In commenting on the phraseology of the statute requiring the treasurer on going out of office to deliver to his successor in office all public moneys, books, &c., in his possession, much stress has been laid by counsel for defendant on the last three words, “ in his possession.” . And it has been insisted that the property having been destroyed by fire, is not in his possession, and therefore could not be turned over. Neither would it have been any more in his possession had it been stolen, or by him embezzled and transferred to the possession of a guilty confederate. The position is a very lame one. The law presumes the treasurer to have possession of all public funds and property that-may have come into his hands by virtue of his office, and which he has not paid out or disposed of in some manner authorized and prescribed by statute. If he has not the funds or property in his possession, and cannot show that they have been applied and disposed of as directed by law, and can plead no legal excuse for the non-performance of his obligation, then he must answer on Ms bond. Any other rule would be dangerous to community, and open the door to all manner of villainy, by “ encouraging defenses which would so frequently be false and fraudulent.”

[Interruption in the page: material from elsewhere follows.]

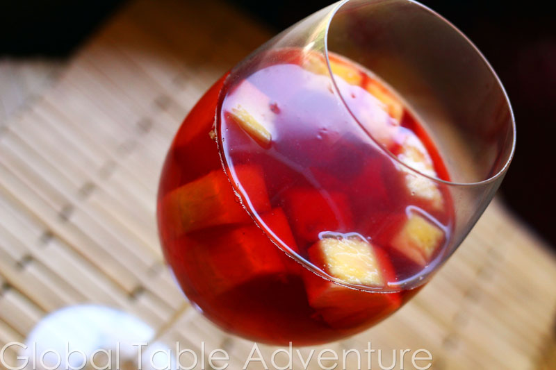 Makes 1.75 liters (plus the pineapple) Chilled hibiscus tea is light and refreshing. The natural floral tang is a wonderful counterpart to sweet pineapple chunks. Kids will love fishing out the fruit in this totally and wonderfully decaffeinated iced tea. VARIATION: Some recipes call for equal parts lemonade to hibiscus tea. We tried this “pink lemonade” and loved it! Ingredients: small handful hibiscus flowers (or 4 teabags) 6 cups boiling water 4 cups ice 1 pineapple, cubed Method: 1. Pour boiling water over hibiscus flowers or teabags. Let steep about 30 minutes. Hibiscus puts on a wonderful show as the purplish dried leaves turn the water vivid red. Strain into ice to speed up cooling. Trust me, you won’t want to wait any longer than you have to! Serve chilled with chunks of pineapple. I made my chunks large. I couldn’t help it. This was the sweetest pineapple I’ve had in a long time. Yum! Cheers! I hope you the last bit of your summer is splendid! Iced Hibiscus Drink with Fresh Pineapple | Bissap …

*436The fact that plaintiff failed to furnish a safe on request of defendant Simonsen, is no excuse for the non-performance of his obligation. He became personally responsible, and in the absence of any statutory provision, must provide for the safe keeping of the funds and property coming- into his hands, the same as a common carrier. (Halbert, et. al. v. The State, 22 Ind., 125.)

There is one other point made by counsel for appellants, which should have been noticed in its proper place.. It is insisted that the words, “ without fraud, deceit, or oppression,” contained in the conditions of the bond, explain the preceding language, and are a limitation on defendant Simon-sen’s liability. This cannot be (admitting this to be words of limitation, which is not at all clear,) unless authorized to be inserted by the statute, which is not claimed in this case. A party assuming the duties and responsibilities of a public official trust, takes it "with all the obligations and liabilities imposed by law, and cannot be permitted to engraft ihto his bond conditions foreign to the statutory provisions for the purpose of limiting the legal obligations imposed. If such language is used it will be treated as surplusage, and advantage cannot be .taken of it for the purpose of avoiding legal liability.

Finding no error in the record, the judgment of the court below sustaining plaintiff’s demurrer to the answer is affirmed and the cause remanded for such other and further proceedings as may be authorized by law.